___ Records for processing
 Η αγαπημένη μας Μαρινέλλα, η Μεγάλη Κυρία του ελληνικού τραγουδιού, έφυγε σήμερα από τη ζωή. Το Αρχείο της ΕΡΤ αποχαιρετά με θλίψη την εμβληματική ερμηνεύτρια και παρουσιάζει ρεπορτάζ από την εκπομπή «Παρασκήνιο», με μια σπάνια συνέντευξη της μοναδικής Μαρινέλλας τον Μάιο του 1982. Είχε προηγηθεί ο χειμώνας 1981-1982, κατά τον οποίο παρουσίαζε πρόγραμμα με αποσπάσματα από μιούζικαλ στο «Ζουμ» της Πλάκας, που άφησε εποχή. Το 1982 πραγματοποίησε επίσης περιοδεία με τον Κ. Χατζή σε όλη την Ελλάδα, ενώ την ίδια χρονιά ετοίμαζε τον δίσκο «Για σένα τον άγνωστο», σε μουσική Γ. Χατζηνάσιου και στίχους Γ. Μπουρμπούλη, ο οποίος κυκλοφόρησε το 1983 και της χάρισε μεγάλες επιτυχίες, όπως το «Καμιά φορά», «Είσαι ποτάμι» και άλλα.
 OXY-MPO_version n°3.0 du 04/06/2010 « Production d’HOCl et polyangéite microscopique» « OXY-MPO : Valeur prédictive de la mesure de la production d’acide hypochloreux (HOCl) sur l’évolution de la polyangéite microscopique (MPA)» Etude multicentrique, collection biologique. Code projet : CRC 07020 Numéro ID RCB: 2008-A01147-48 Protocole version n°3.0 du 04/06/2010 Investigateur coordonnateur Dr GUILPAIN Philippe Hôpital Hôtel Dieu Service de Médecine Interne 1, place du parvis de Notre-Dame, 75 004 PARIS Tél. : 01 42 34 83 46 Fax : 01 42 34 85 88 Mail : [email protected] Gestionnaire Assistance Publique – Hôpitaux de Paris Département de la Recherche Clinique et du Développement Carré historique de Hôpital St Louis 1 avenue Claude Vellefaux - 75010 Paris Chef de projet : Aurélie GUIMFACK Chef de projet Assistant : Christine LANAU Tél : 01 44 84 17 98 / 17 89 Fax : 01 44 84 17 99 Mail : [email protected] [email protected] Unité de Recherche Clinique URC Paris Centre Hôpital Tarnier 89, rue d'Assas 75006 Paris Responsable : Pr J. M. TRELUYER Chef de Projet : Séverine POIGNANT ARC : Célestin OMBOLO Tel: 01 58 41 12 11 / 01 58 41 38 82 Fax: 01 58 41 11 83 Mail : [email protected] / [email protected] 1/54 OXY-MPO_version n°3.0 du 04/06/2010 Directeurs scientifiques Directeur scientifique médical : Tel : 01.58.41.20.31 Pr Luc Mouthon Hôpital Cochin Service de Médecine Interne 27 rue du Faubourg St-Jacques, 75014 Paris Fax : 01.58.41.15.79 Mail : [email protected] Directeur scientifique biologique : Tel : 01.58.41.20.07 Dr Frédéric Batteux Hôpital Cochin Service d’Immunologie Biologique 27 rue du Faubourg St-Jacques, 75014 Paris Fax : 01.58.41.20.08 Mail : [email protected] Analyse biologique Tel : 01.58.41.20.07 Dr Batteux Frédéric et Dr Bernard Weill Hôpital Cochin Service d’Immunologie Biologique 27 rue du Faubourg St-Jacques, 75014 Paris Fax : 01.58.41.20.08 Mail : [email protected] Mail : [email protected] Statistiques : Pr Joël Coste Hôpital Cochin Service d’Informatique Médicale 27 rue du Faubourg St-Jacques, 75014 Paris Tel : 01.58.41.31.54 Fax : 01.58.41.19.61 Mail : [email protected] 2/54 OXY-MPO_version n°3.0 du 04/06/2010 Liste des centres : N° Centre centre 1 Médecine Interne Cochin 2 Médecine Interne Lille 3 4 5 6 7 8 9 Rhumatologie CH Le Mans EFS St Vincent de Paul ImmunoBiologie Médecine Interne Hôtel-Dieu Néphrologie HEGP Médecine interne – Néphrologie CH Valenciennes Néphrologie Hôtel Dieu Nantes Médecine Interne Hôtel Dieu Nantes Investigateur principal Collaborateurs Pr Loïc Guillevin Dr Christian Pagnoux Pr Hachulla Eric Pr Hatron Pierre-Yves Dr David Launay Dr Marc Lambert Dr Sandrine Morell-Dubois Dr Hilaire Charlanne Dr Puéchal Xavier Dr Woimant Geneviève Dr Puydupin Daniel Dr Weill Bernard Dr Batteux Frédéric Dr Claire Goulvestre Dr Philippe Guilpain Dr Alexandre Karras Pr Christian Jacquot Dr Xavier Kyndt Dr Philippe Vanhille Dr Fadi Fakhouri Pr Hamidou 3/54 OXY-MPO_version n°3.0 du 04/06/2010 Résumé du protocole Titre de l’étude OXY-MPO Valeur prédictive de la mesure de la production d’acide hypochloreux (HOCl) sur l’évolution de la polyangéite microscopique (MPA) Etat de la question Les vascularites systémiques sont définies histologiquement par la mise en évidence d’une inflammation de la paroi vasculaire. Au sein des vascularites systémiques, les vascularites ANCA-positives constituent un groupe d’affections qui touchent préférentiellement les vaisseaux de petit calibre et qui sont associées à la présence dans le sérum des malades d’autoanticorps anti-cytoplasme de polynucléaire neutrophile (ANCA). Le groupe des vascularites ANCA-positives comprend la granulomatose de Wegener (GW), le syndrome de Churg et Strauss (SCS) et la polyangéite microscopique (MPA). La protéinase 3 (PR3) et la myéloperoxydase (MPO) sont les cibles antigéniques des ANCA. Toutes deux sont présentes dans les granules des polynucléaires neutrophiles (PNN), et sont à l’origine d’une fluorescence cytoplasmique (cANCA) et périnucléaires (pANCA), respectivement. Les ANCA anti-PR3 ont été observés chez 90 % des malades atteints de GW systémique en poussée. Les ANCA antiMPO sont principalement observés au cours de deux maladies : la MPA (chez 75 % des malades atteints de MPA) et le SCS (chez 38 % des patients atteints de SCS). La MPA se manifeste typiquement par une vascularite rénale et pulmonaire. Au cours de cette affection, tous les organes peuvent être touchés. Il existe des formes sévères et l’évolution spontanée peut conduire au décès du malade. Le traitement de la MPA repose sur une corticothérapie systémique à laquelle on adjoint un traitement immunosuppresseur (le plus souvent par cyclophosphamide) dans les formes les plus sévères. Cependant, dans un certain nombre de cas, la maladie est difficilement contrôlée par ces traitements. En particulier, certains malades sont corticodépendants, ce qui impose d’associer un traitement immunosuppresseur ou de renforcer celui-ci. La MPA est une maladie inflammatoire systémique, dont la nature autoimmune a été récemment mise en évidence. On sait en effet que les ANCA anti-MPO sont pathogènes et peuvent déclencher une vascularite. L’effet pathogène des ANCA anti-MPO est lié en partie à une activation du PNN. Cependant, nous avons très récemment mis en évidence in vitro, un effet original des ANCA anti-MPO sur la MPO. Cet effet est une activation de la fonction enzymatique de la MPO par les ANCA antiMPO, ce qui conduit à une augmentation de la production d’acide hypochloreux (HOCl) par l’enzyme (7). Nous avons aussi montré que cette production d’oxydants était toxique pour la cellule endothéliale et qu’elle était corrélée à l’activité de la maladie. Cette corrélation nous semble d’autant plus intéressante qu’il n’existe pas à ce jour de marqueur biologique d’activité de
______
___ Records for processing
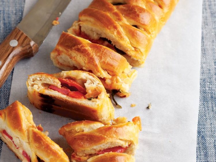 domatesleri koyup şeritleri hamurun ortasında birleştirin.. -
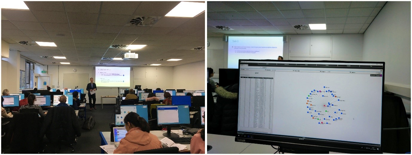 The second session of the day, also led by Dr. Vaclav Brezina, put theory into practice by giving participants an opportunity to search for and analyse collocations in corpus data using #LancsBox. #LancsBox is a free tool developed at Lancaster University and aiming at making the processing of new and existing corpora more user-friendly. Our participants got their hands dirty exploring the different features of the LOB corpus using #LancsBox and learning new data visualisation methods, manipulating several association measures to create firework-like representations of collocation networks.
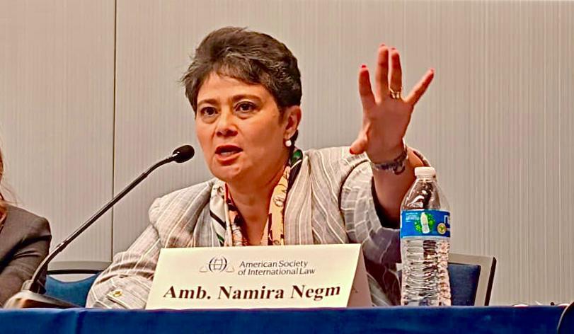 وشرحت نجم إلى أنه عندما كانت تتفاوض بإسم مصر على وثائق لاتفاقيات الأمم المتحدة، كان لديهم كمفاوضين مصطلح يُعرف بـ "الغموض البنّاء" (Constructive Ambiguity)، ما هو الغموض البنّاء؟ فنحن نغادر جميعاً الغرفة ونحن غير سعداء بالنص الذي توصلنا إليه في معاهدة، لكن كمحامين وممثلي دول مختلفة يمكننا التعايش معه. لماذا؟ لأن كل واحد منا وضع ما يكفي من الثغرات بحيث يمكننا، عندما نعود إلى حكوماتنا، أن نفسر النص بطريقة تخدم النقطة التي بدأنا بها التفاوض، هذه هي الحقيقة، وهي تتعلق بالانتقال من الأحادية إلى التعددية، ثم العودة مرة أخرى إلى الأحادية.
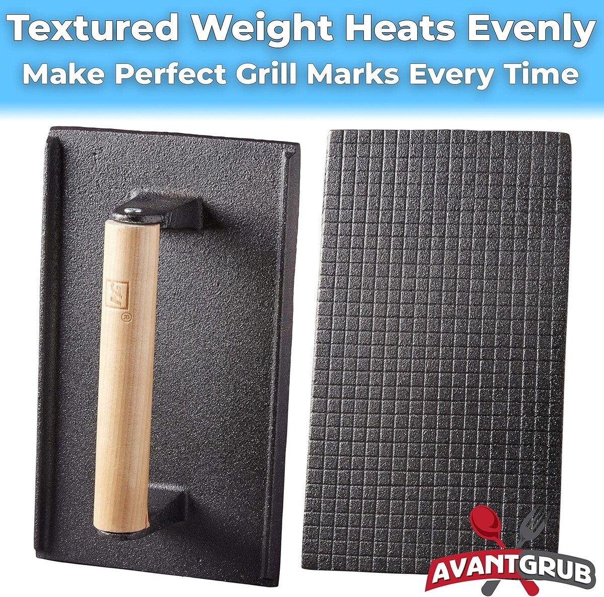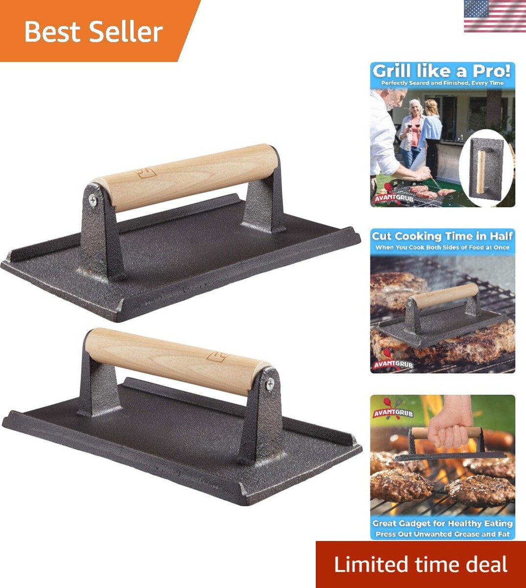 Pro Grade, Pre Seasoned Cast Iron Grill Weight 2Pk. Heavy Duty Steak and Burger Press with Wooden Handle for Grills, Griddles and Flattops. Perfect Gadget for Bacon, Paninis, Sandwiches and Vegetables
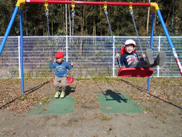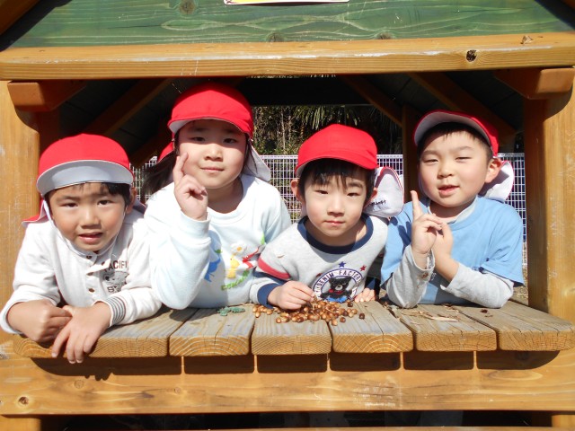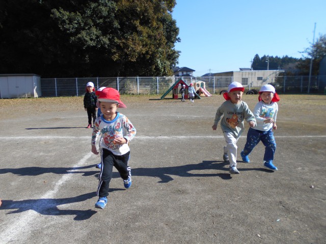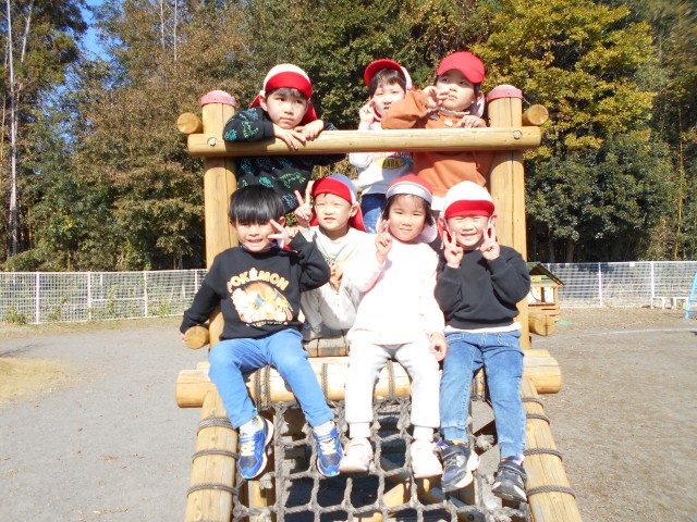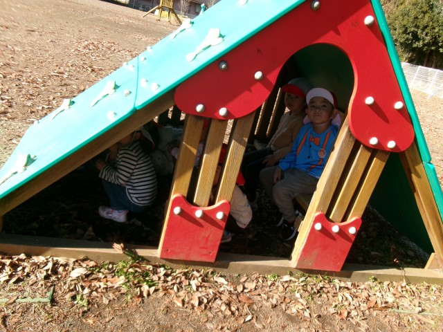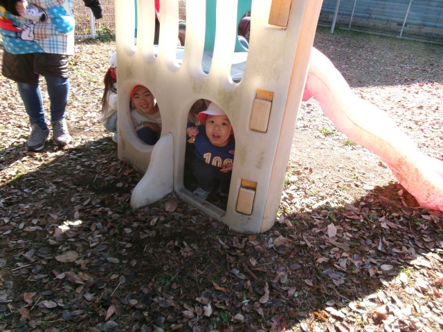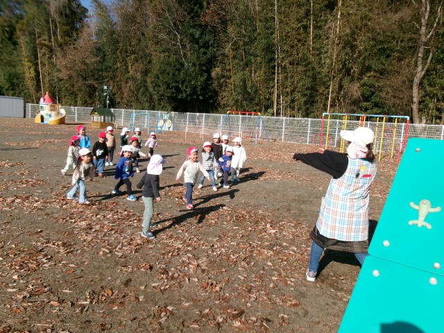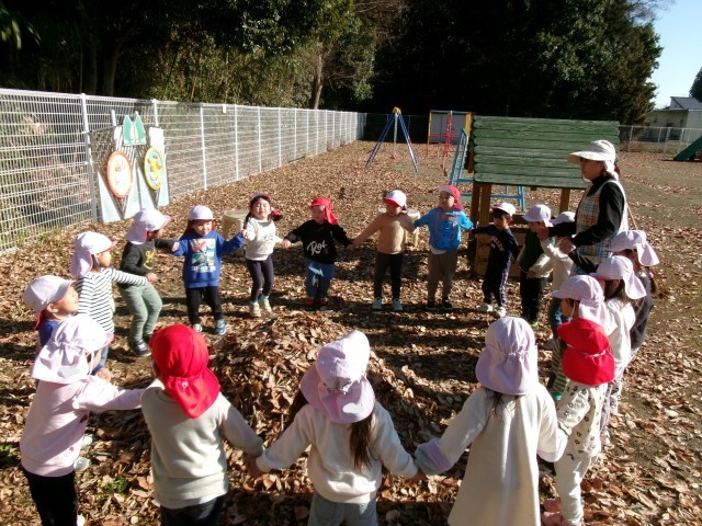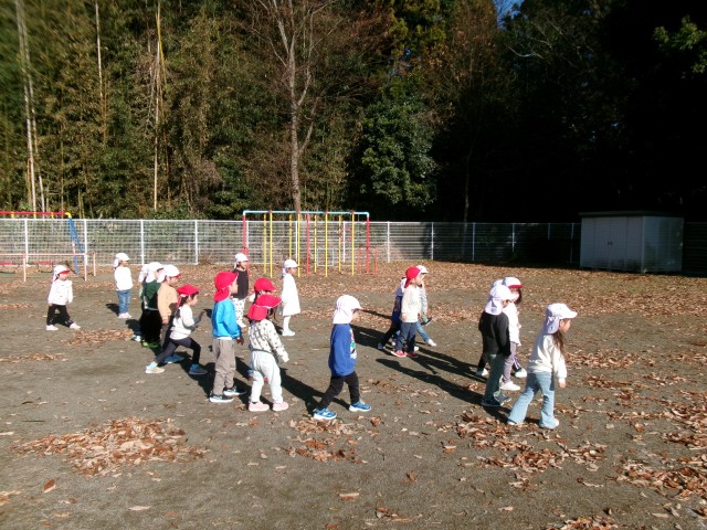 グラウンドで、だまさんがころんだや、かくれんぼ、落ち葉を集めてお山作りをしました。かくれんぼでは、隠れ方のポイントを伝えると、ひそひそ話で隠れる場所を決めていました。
______
## Work item
What's needed is an exact copy of the lines above from the one with "Pro Grade, Pre" through the one with "グラウンドで、だまさんがころ", both included; the pictures stay out.

## Written response
 Pro Grade, Pre Seasoned Cast Iron Grill Weight 2Pk. Heavy Duty Steak and Burger Press with Wooden Handle for Grills, Griddles and Flattops. Perfect Gadget for Bacon, Paninis, Sandwiches and Vegetables
 グラウンドで、だまさんがころんだや、かくれんぼ、落ち葉を集めてお山作りをしました。かくれんぼでは、隠れ方のポイントを伝えると、ひそひそ話で隠れる場所を決めていました。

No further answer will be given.